Of the Gerçek fil Alante cinsine aittir. Antik çağlardan beri şifalı bitki olarak kullanılmıştır.
Gerçek alantın oluşumu ve yetiştirilmesi
Fil, maksimum iki metre yüksekliğe ulaşabilen çok yıllık otsu bir bitkidir. Şifalı bitkinin çarpıcı bir özelliği sarı çiçek başlarıdır.
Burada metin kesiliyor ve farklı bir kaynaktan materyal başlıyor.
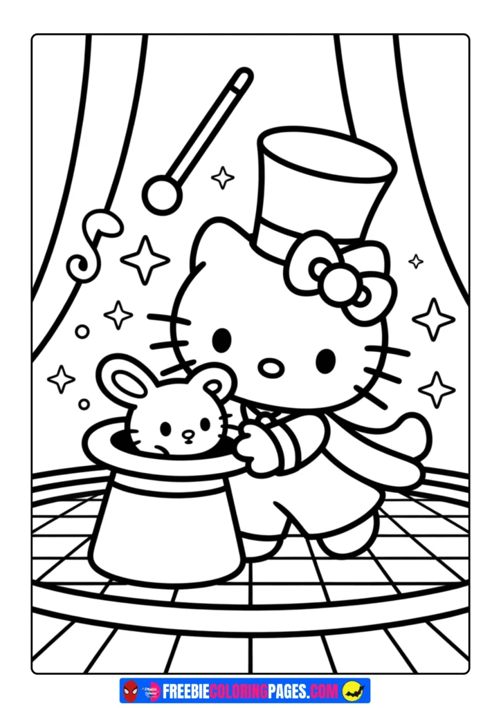 Hello Kitty dressed in a magician outfit, pulling a bunny out of a hat
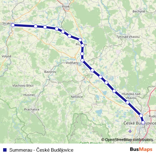 The first stop of the Summerau - České Budějovice rail route is České Budějovice and the last stop is Strakonice. Summerau - České Budějovice (Summerau - České Budějovice) is operational during everyday.
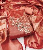 Women'S Rust Unstitched Handwork Pure Viscose Dress Material Having Rust Color Unstitched Bottom Of Dull Santoon Fabric And Rust Color Dupatta Of Pure Banarasi Viscose Material With Charming Rust Colour In Pure Viscose Dull Santoon Pure Banarasi Viscose Fabric With Work Of Heavy Handwork Neck And Fancy Border With Designer Weaving Dupatta|| Images Are For The Referance Purpose Only, Color Of The Actual Product May Little Vary From The Image Due To Screen Resolution
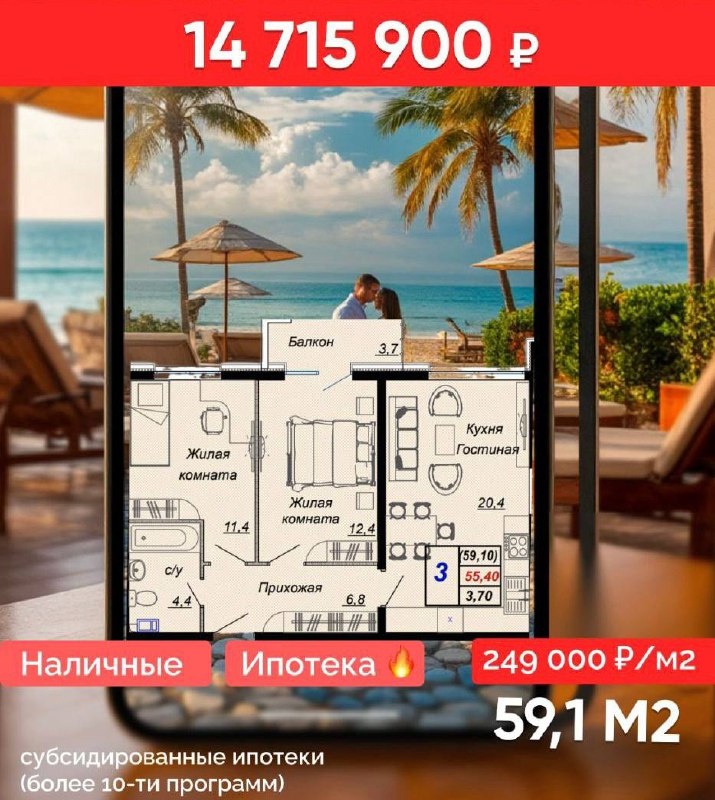 УНИКАЛЬНЫЙ ЛОТ СТОИМОСТЬЮ 249 000 за м²😍 ▪️Стоимость 14 715 900 ▪️Нет удорожания при ипотеке ▪️Возможно использовать льготные программы. Например: Семейная ипотека Ипотека 9 000 000₽ Ставка 5.99% П.В. 5 715 900₽ ПЛАТЕЖ 53 902 РУБ В МЕСЯЦ Новостройка с субсидией Ипотека 9 000 000₽ Ставка 0.11% П.В. 5 715 900₽ ПЛАТЕЖ В ПЕРВЫЙ ГОД 883 РУБЛЯ ВСЕ ПОДРОБНОСТИ У СПЕЦИАЛИСТА. ЖМИ НА «КОНСУЛЬТАЦИЯ» В ШАПКЕ ПРОФИЛЯ 🔑
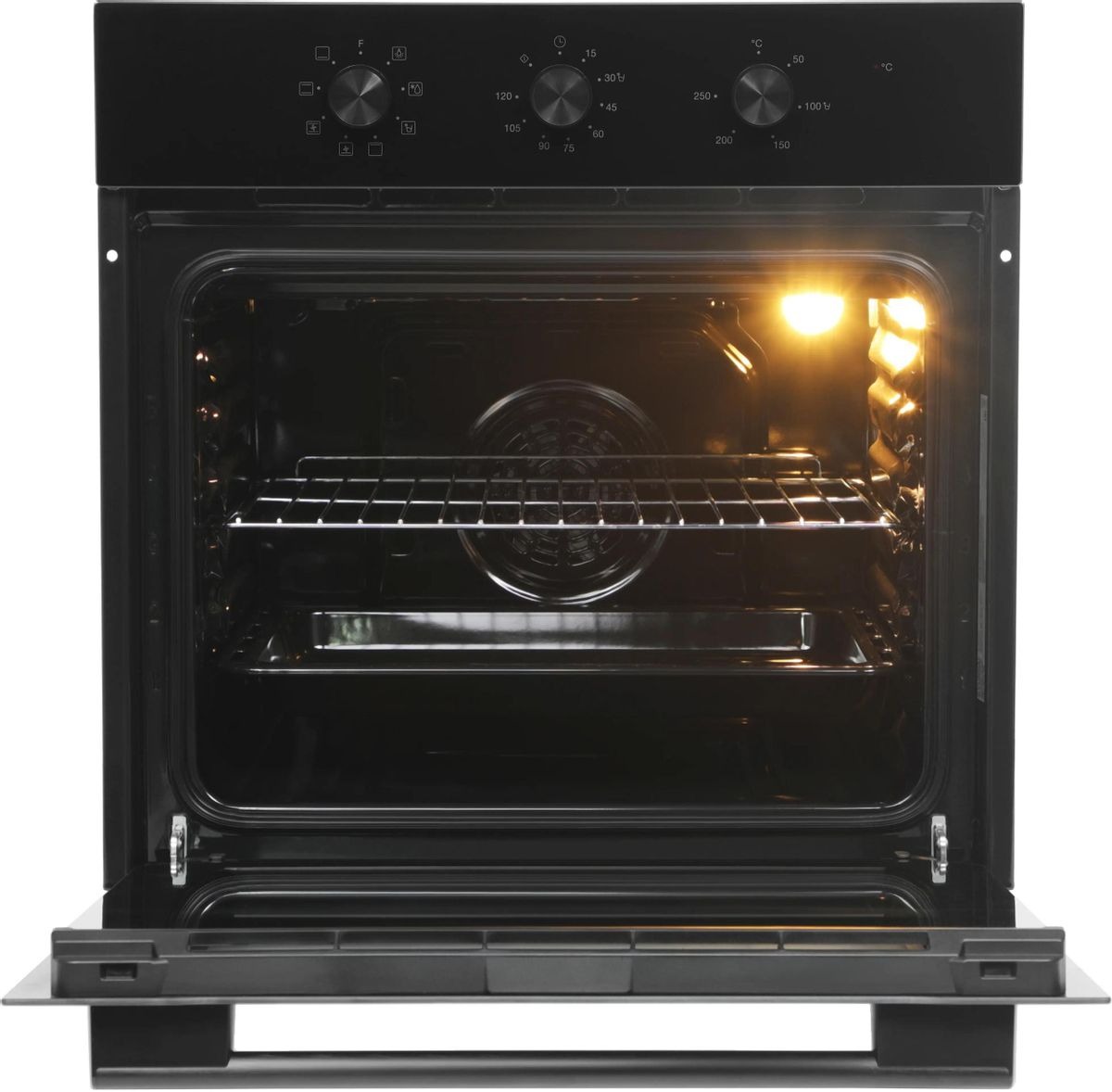 Глубина духовых шкафов, в отличие от их высоты и ширины, не отличается разнообразием. Стандартное значение составляет 54-55 см, что позволяет встраивать устройство в обычную кухонную тумбу или колонну глубиной 60 см так, чтобы оставалось достаточно места до задней стенки мебели или стены кухни для обеспечения нормальной вентиляции. В инструкциях по установке указывается, что это расстояние должно составить не менее 4–5 см. Объем такой духовки может быть равен от 50 до 70 литров.
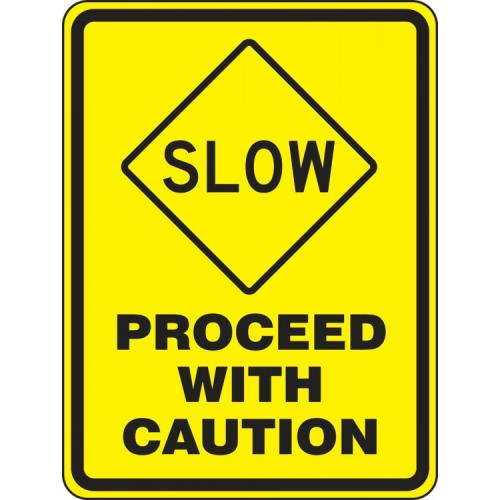 Accuform, FRW502HP, 18" x 12" HI Reflective Aluminum Sign: "Slow - Proceed with Caution"
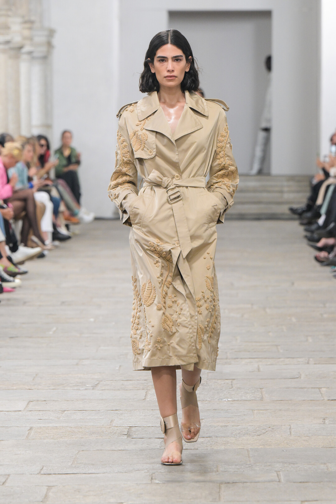 에르마노 설비노는 엠브로이더리 트렌치 코트를 선보인다.
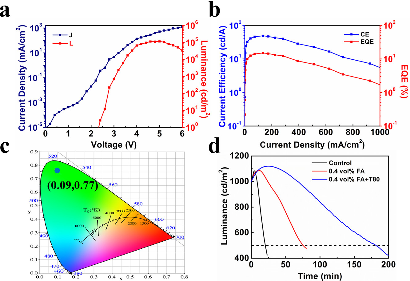 针对这一问题,中国科学院长春光学精密机械与物理研究所发光学及应用国家重点实验室的郭晓阳、吕营和刘星元研究团队采用甲酰胺掺杂PEDOT:PSS诱导钙钛矿结晶,提高钙钛矿薄膜的结晶性。同时使用吐温80作为钙钛矿薄膜的钝化剂,有效减少钙钛矿薄膜的缺陷态。获得了结晶取向度好、荧光量子效率高、晶粒尺寸均匀的高质量全无机钙钛矿发光薄膜。在甲酰胺界面处理和吐温80钝化处理的协同作用下,制备的全无机钙钛矿发光二极管外量子效率为15.02%,器件的最大亮度达到了185000 cd/m2,在初始亮度为1000 cd/m2时,器件的运行寿命为182.5分钟。这是目前已报道的全无机钙钛矿发光二极管中性能最好的器件之一。
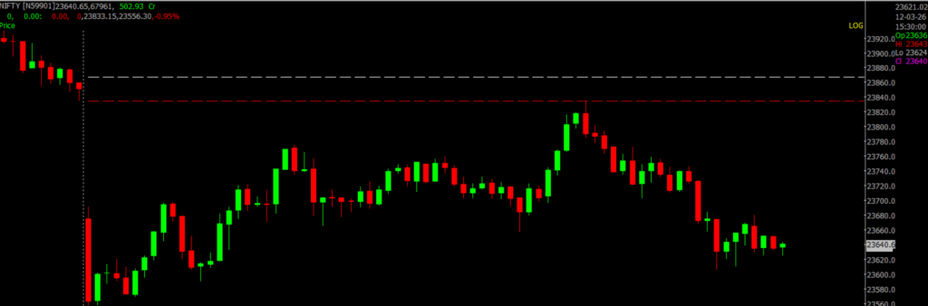 The breach of this support indicates that selling pressure remains dominant. Immediate support is now seen in the 23,500–23,000 zone, and if the index sustains below today’s low of 23,556, the decline could extend toward the lower end of this support band.
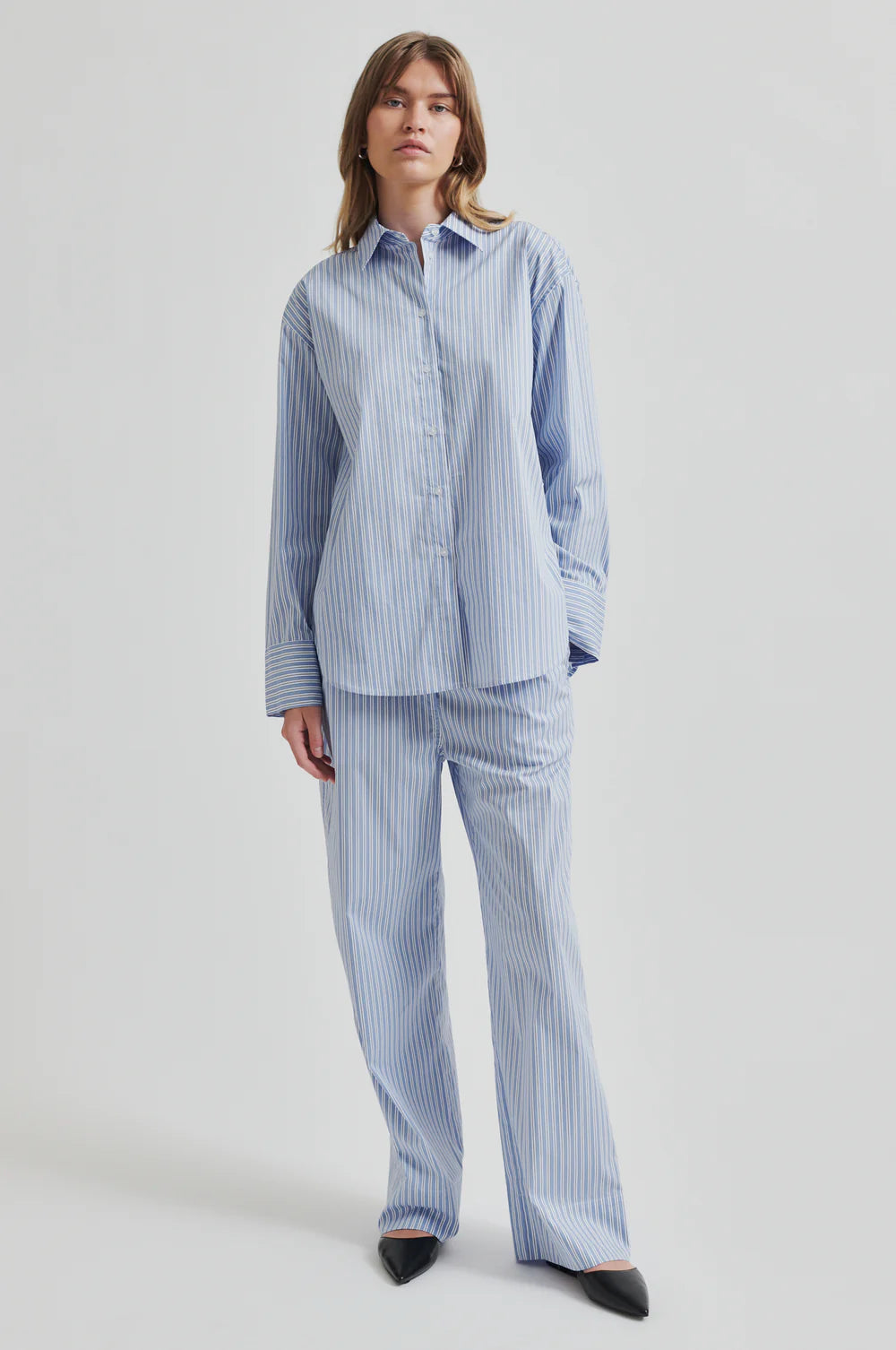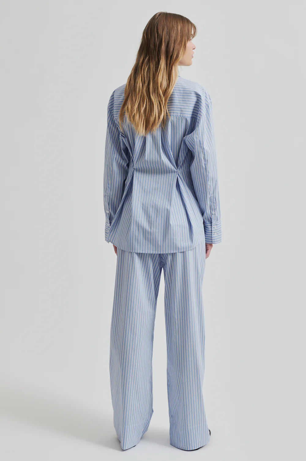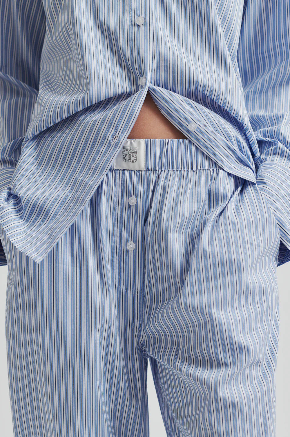 The trousers are made in a light and smooth cotton blend with all-over stripes. Featuring a covered elasticated waistband and decorative fly and button fastening with logo. Two slanted pockets at the front. Mid waist with relaxed, straight leg

Gibi Gerçek fil (Inula helenium), yaklaşık yüz türün ait olduğu Alante (Inula) cinsinden bir bitkidir. Ayçiçeği ailesinin bir parçasıdır (Asteraceae). Zaten eski zamanlarda fil, mutfak için bir bitki ve tıbbi bir bitki olarak kullanılıyordu. Bitki Almanya'da da adı altında Göğüs alant, Yılan otu, Odin'in başı , Helenenwurz, Eski ot, Edelwurz veya Bağırsak otu bilinen.Fil, maksimum iki metre yüksekliğe ulaşabilen çok yıllık otsu bir bitkidir. Şifalı bitkinin çarpıcı bir özelliği sarı çiçek başlarıdır. Yapraklar 50 santimetreye kadar uzunluktadır. Alt taraflarında kıl hissettiler. Güçlü anacın aromatik kokusu da alantın tipik kokusudur.
Fil, Orta Asya ve Küçük Asya'da doğar. Bugün Almanya, Hollanda, İspanya ve Balkanlar gibi Avrupa bölgelerinde de yetiştirilmektedir. Şifalı bitki, yarı gölgeli ve nemli yerlerde en iyi şekilde büyür. Alantın çiçeklenme zamanı Haziran ve Eylül ayları arasındadır.
Etkisi ve uygulama
Alant, inülin, alant kafur, alant asit, helenin, alantolakton ve uçucu yağlar gibi bileşenler içerir. Helenin, bitkinin iyileştirici etkilerinden öncelikle sorumludur. Bileşenleri karıştırarak, bitkinin bronşiyal nezle veya iştahsızlık üzerinde olumlu bir etkisi vardır.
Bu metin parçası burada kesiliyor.